When an application is made to have a product added to the reimbursement list in Ireland, the HSE is required, under the 2013 Act, to decide within 180 days of receiving the application, to either add the medicine to the reimbursement list or refuse to reimburse the medicine. In assessing the application, the HSE is required to consider a range of criteria including the magnitude of the clinical effect, cost effectiveness, budget impact, opportunity cost and unmet need.

The principal factors in determining the speed of reimbursement are the price at which a manufacturer applies for the reimbursement of a product and the outcome of the HSE’s rigorous assessment process as to its clinical and cost-effectiveness.

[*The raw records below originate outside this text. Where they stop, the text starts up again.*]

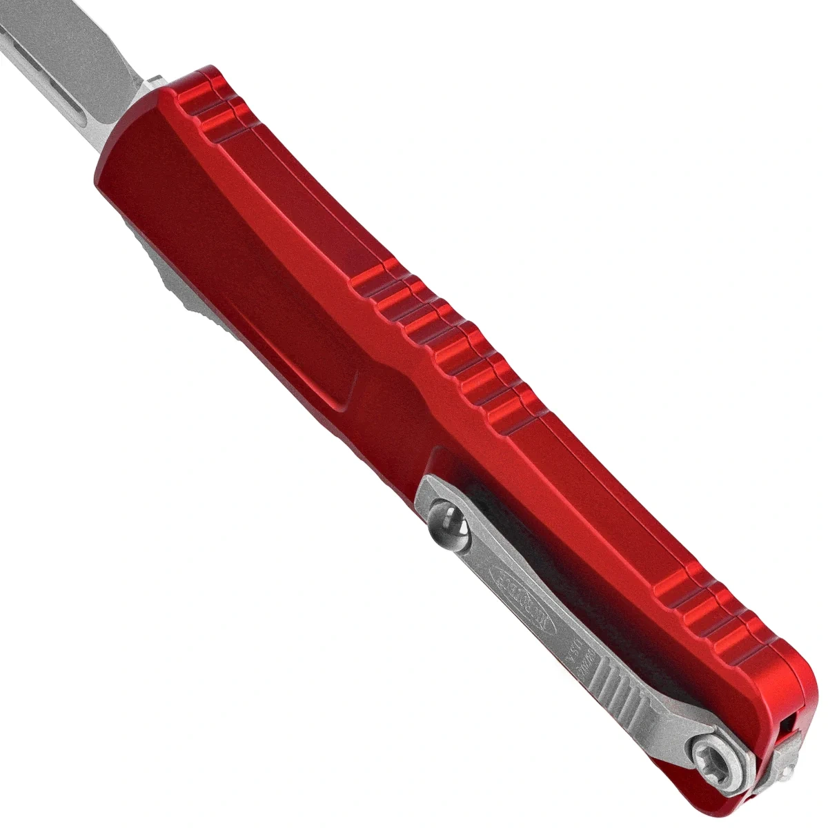 Rękojeść - wykonana z doskonałą precyzją w technologii 3D na frezarkach CNC, z pokrytego powłoką Mil-Spec aluminium 6061-T6. Faktura powierzchni rękojeści oraz głębokie nacięcia (jimping) na niej sprawiają, że nóż nie ślizga się w dłoni podczas używania. Smukły profil oraz frezowany dwupozycyjny (prawa/lewa) masywny klips typu deep carry, umożliwiają dyskretne przenoszenie noża w kieszeni, w pozycji tip-down (czubkiem ostrza do dołu). Wyposażony w gładką kulkę rollerball, dzięki której nóż z łatwością wsuwa się do kieszeni nie niszcząc brzegów kieszeni. Na klipsie znajduje się logo Microtech i data produkcji. Rękojeść zakończono zbijakiem do bicia szyb, stalowy trójkąt, w który wprasowano kulkę z węglika wolframu.
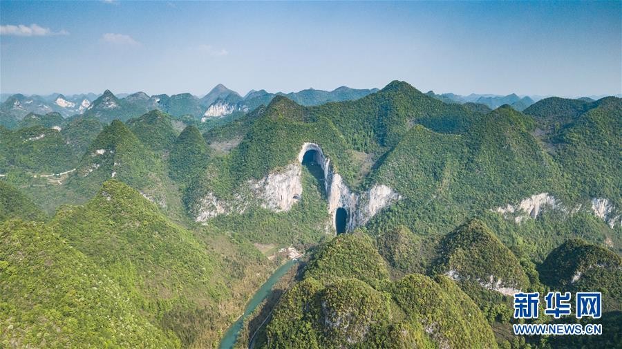 格凸河景区风貌(4月19日无人机拍摄)。谷雨将至,贵州省安顺市紫云苗族布依族自治县格凸河景区山青水秀,风光秀美。新华社记者陶亮摄来源:新华网
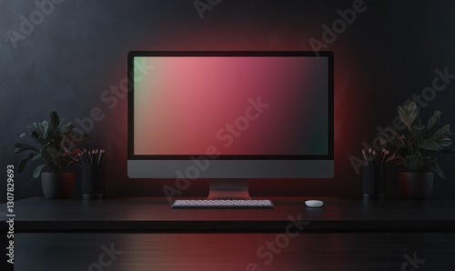 Workspace showcases a sleek computer monitor with a colorful gradient display
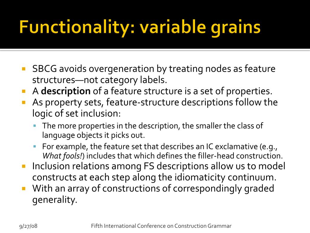 Functionality: variable grains • SBCG avoids overgeneration by treating nodes as feature structures—not category labels. • A description of a feature structure is a set of properties. • As property sets, feature-structure descriptions follow the logic of set inclusion: • The more properties in the description, the smaller the class of language objects it picks out. • For example, the feature set that describes an IC exclamative (e.g., What fools!) includes that which defines the filler-head construction. • Inclusion relations among FS descriptions allow us to model constructs at each step along the idiomaticity continuum. • With an array of constructions of correspondingly graded generality. Fifth International Conference on Construction Grammar
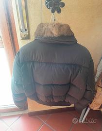 piumino corto con collo in pelliccia indossato una volta taglia L colore verde
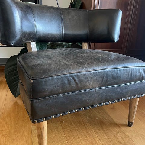Loungefåtölj trä äkta läder skinn stol fåtölj brun

In terms of the time taken from application to a decision on reimbursement, the HSE advise that the biggest impediments to achieving the 180-day timeline is often the failure of companies to provide sufficient evidence to support the efficacy of some medicines, and the need for the HSE to get involved in protracted negotiations in seeking to achieve better prices for the State.

The pricing and reimbursement of medicines is a national competence. Different pharmaceutical reimbursement systems are currently in place across the EU. As Member States operate different systems, a direct comparison of the reimbursement of products is not possible.